Placeholders for sources managed by the Fetcher.

Returns

A dict {source: [placeholders..]}.

Notes

Placeholders (and sources) are returned as they appear as they are known to the fetcher (without mapping).

fetch_translations(instr: FetchInstruction) PlaceholderTranslations[source]#

Retrieve placeholder translations from the source.

Parameters

instruction – A single instruction for IDs to fetch. If IDs is None, the fetcher should retrieve data for as many IDs as possible.

Returns

Placeholder translation elements.

Raises

UnknownPlaceholderError – If the placeholder is unknown to the fetcher.

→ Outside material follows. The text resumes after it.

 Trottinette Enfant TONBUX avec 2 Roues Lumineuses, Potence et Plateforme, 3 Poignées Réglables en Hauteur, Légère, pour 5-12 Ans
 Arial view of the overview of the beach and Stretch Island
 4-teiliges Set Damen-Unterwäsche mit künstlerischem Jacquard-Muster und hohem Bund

class MultiFetcher(*fetchers: Fetcher, max_workers: int = 2, duplicate_translation_action: ActionLevel = ActionLevel.WARN, duplicate_source_discovered_action: ActionLevel = ActionLevel.IGNORE)[source]#

Bases: Fetcher[SourceType, IdType]

Fetcher which combines the results of other fetchers.

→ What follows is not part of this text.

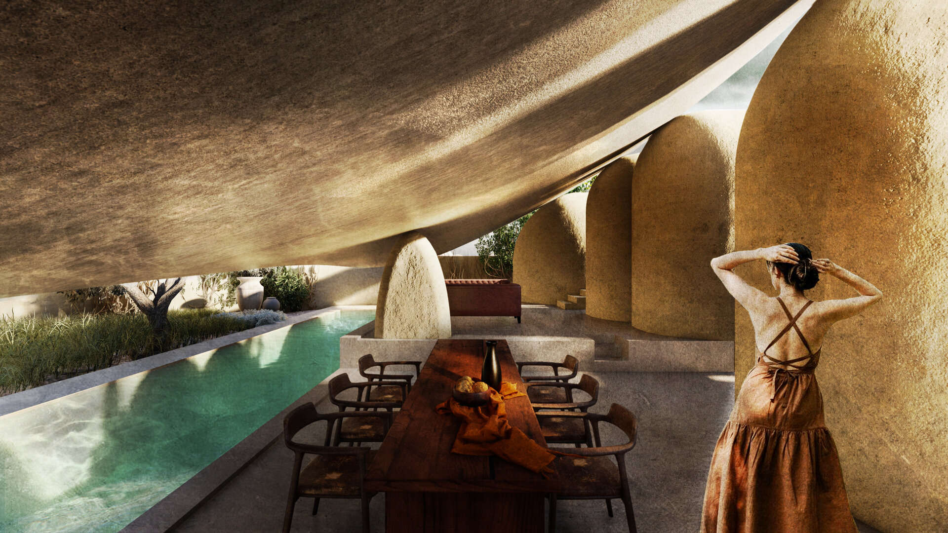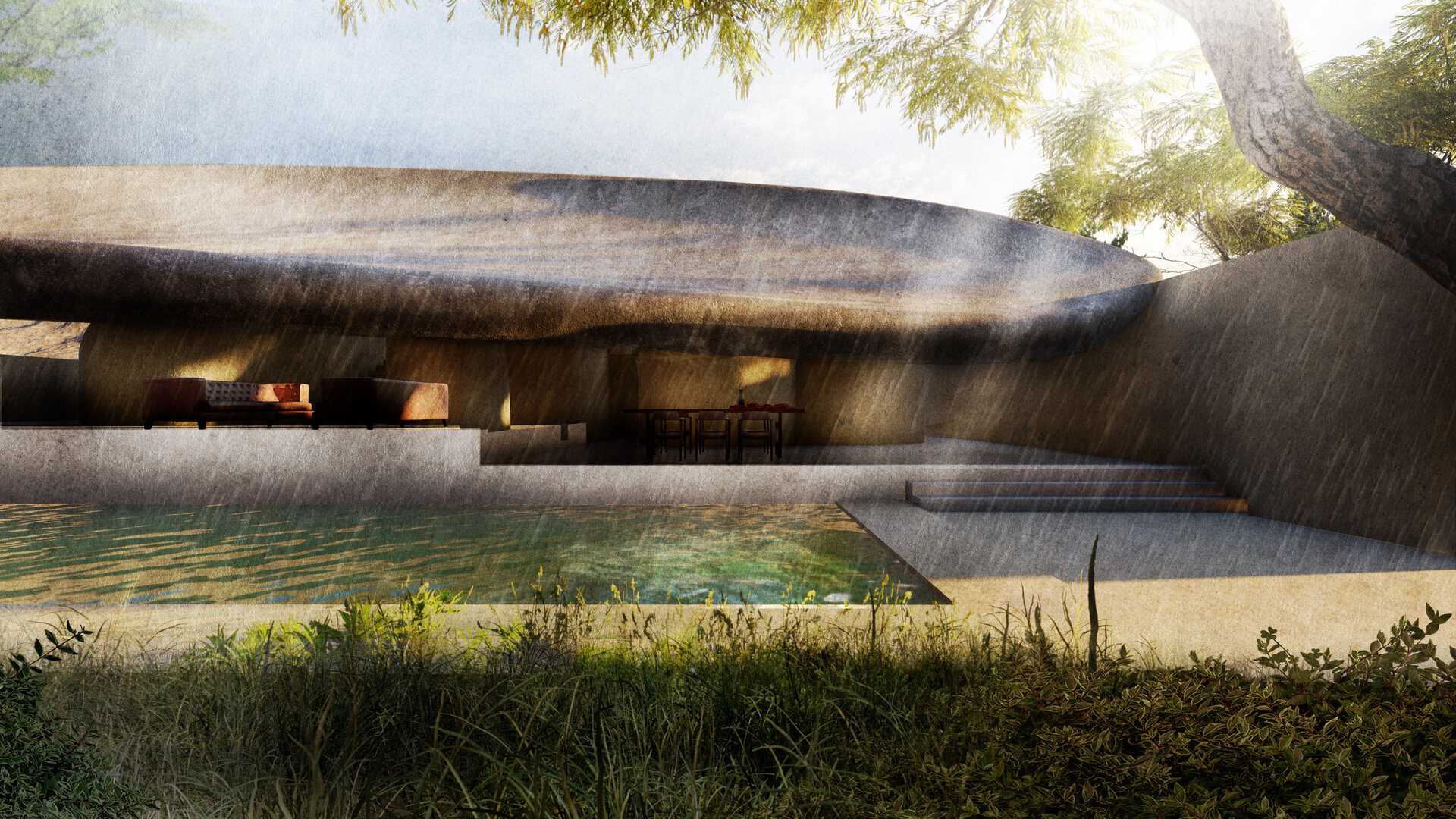 Elementul dominant al compoziției este volumul plutitor, ce se înclină către curte ca o aripă, ca o suprafață ce octrotește. Arhitectura joacă rolul unei pânze, al unui suport pe care sunt proiectate umbrele vegetației prezente în curte.

property allow_fetch_all: bool#

Flag indicating whether the fetch_all() operation is permitted.

online() bool[source]#

Return connectivity status. If False, no new translations may be fetched.

property placeholders: Dict[SourceType, List[str]]#

Placeholders for sources managed by the Fetcher.

Returns

A dict {source: [placeholders..]}.

Notes

Placeholders (and sources) are returned as they appear as they are known to the fetcher (without mapping).

property fetchers: List[Fetcher[SourceType, IdType]]#

Return child fetchers.

property sources: List[SourceType]#

Source names known to the Fetcher, such as cities or languages.

fetch(ids_to_fetch: Iterable[IdsToFetch[SourceType, IdType]], placeholders: Iterable[str] = (), required: Iterable[str] = ()) Dict[SourceType, PlaceholderTranslations][source]#

Retrieve placeholder translations from the source.

Parameters
  • ids_to_fetch – Tuples (source, ids) to fetch. If ids=None, retrieve data for as many IDs as possible.

  • placeholders – All desired placeholders in preferred order.

  • required – Placeholders that must be included in the response.

Returns

A mapping {source: PlaceholderTranslations} for translation.

Raises

Notes

Placeholders are usually columns in relational database applications. These are the components which are combined to create ID translations. See rics.translation.offline.Format documentation for details.

fetch_all(placeholders: Iterable[str] = (), required: Iterable[str] = ()) Dict[SourceType, PlaceholderTranslations][source]#

Fetch as much data as possible.

Parameters
  • placeholders – All desired placeholders in preferred order.

  • required – Placeholders that must be included in the response.

Returns

A mapping {source: PlaceholderTranslations} for translation.

Raises
property duplicate_translation_action: ActionLevel#

Return action to take when multiple fetchers return translations for the same source.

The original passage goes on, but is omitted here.